South Portal’s Design approval gone south

The Seattle Design Commission’s rejects plans of the team working on the viaduct replacement project for reasons congruent with walkability and sustainability.

With the latest horror stories from our friends across the Pacific still rumbling in, we are all no doubt shaken.  About two weeks ago, the Sendai region of Japan suffered one of the worst earthquakes in recorded history, and are still in the process of shoveling out of the mess, not to mention concerns about after shocks, tidal waves and nuclear reactor meltdowns.

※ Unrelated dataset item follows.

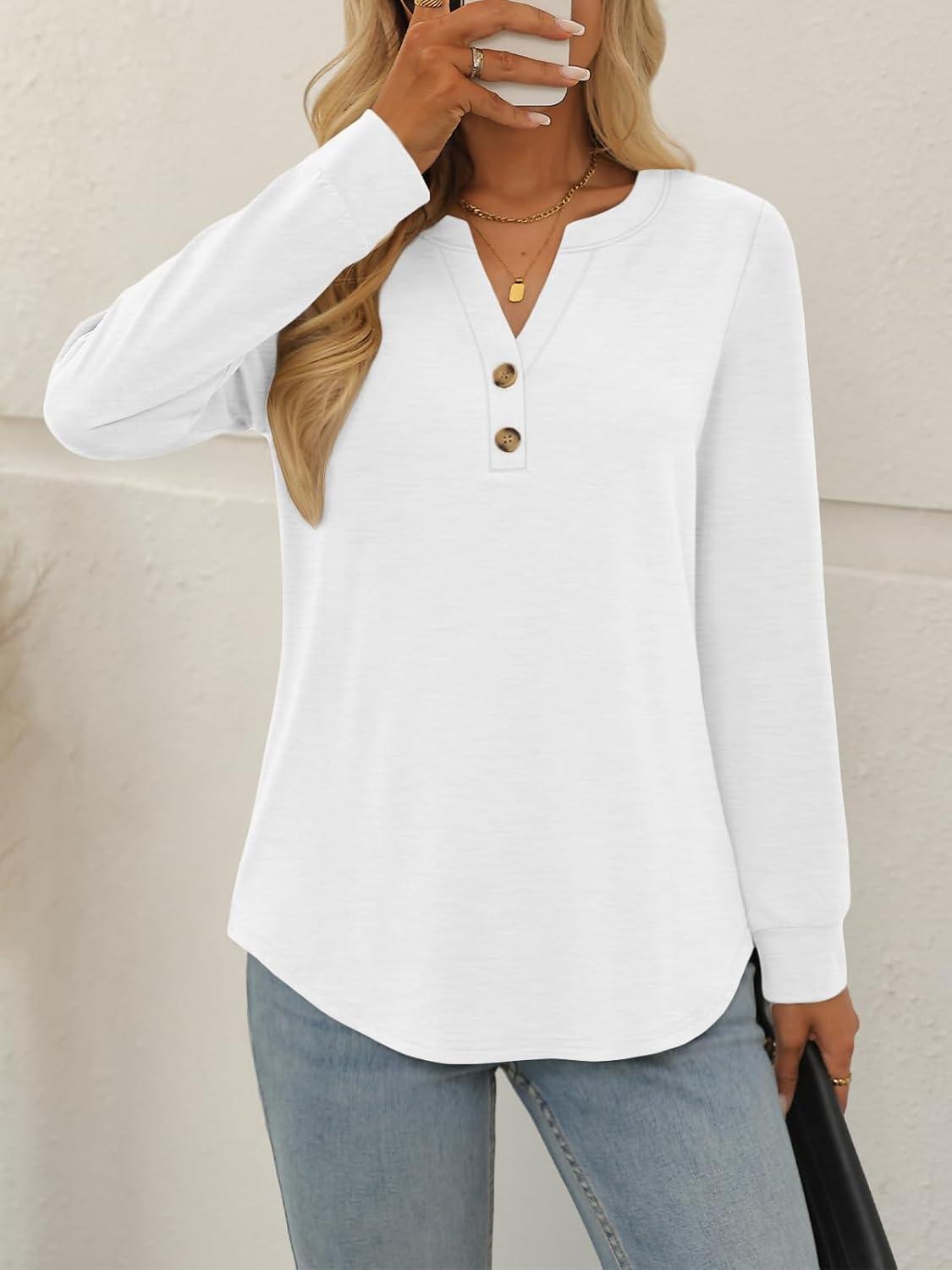 AUTOMET Womens Tops Long Sleeve Shirts Fall Fashion Clothes Henley Dressy Casual Blouses Trendy 2025(White)

Our worries here in Seattle may not be nearly as catastrophic, but similar problems with unstable ground have propelled serious thinking about the redesign of the Alaskan Way Viaduct, which ropes the downtown area off from the beautiful waterfront of Elliott Bay.  Seattleites know that this road is “condemned” – that is, “will not survive the next earthquake”.  Seattleites are known for their difficulty in making decisions: they have also voted (and voted and voted…) on what to do about it.  It seems that, though the votes are (finally) in, the plans to tunnel are going to take a while. The plan for this particular construction project, according to greenbuilding.com‘s blogger Katie Zemtseff, “narrows the project footprint, elongating the roadway. The previous design had two south-bound exits from the tunnel and two north-bound entrances. The new design has one south-bound exit and two north-bound entrances.  There is a north-bound off-ramp, starting around Royal Brougham, that is about 25 feet high.”  But the Design Commission rejected it. The north-bound ramp is too high, commissioners say, and cuts the city off from the waterfront, exactly the kind of thing the viaduct removal project is seeking to avoid.  Commissioners all pointed out that the new design redraws some assumptions used in past building.  Essentially, the new design would not meet the city’s desire to connect with its backyard waterfront. This is encouraging news for walkability advocates.  It means that those who have the power to make (and veto) design decisions in our city are, at least partially, on the side of sustainability, health and people (as opposed to, say, cars).  Having policymakers concerned about access to the waterfront, the disruption through traffic could cause, and upholding the human values of the city is certainly a huge step for walkability.